Randi Gorenberg was the victim of the March 23, 2007, attack.

Her mother, Idey Elias, paints a beautiful picture of Gorenberg and her legacy in one of the most memorable interviews in my 20 years as a journalist.

“Randi loved to hike in the woods. She loved Mother Nature,” Elias said. “She had that wonderful feeling of warmth about her, and she made everybody else feel that way about her, too.”

Palm Beach County Sheriff’s Office Detective William Springer is the lead cold case investigator on the Gorenberg case.
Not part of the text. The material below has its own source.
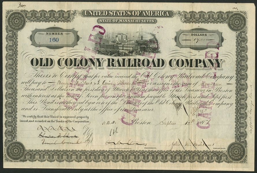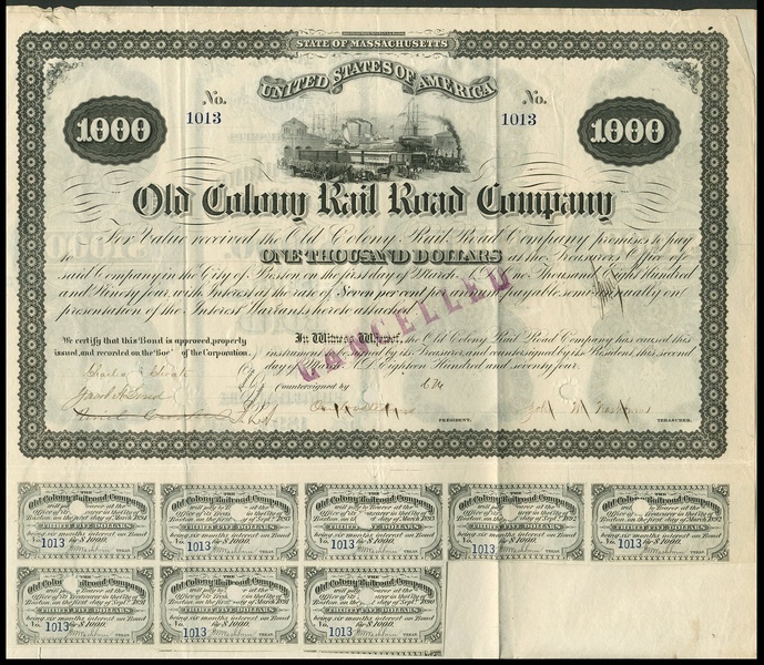 Old Colony Rail Road Corporation, certificate for capital stock, Boston 184[7], and, $500 share, 1854, also together with Old Colony Railroad Co., bond for $5000, 187[5]; bond for $1000, 1875; 4% bonds, [1892] and [1893]; $100 shares, 188[3], 18[90] and 18[91], and, $100 shares, 19[34], some pieces hole cancelled, very fine or thereabouts. (10)

He described her day on March 23, 2007.

“She was at home, and we know she went to the mall,” Springer said. “She bought a John Legend CD and a top at a store. We have her walking out of the mall around 1:15 in the afternoon.”

The view on the mall surveillance video is the last time anyone saw Gorenberg alive. No one knows exactly what happened next.

Springer believes Gorenberg might have been driven to an ATM.

“If he went to take Randi to the bank, it’s not going to do him any good. She has no debit card,” Springer said.

“Could that have been a huge point of frustration when Randi didn’t have an ATM card?” I asked Springer.

“I would think it would be,” Springer said. “He probably did not believe her. She has a high-end car Mercedes SUV. She’s dressed in nice clothes. She has a nice pocketbook. Why wouldn’t she have a debit card?”

About 45 minutes after Gorenberg is seen on surveillance video exiting the mall, Springer said someone called 911 from a park about five miles from the mall and claimed hearing gunshots and seeing someone being pushed out of a vehicle.

“I believe that she was trying to get out,” Springer said.

Springer said there is no indication Gorenberg was tied up or bound in any way.

After her body was left at Governor Lawton Chiles Memorial Park, there is surveillance video of Gorenberg’s SUV pulling into a hardware store about two miles from the park, without a glimpse of who was behind the wheel.

“It’s so unbelievable, isn’t it? That no one saw anything,” Elias said. “That’s why we do this. Maybe we can jog somebody’s memory.”

Elias said she came home that day and watched the news about deputies finding a woman’s body. Soon after, she received a phone call that changed her life forever.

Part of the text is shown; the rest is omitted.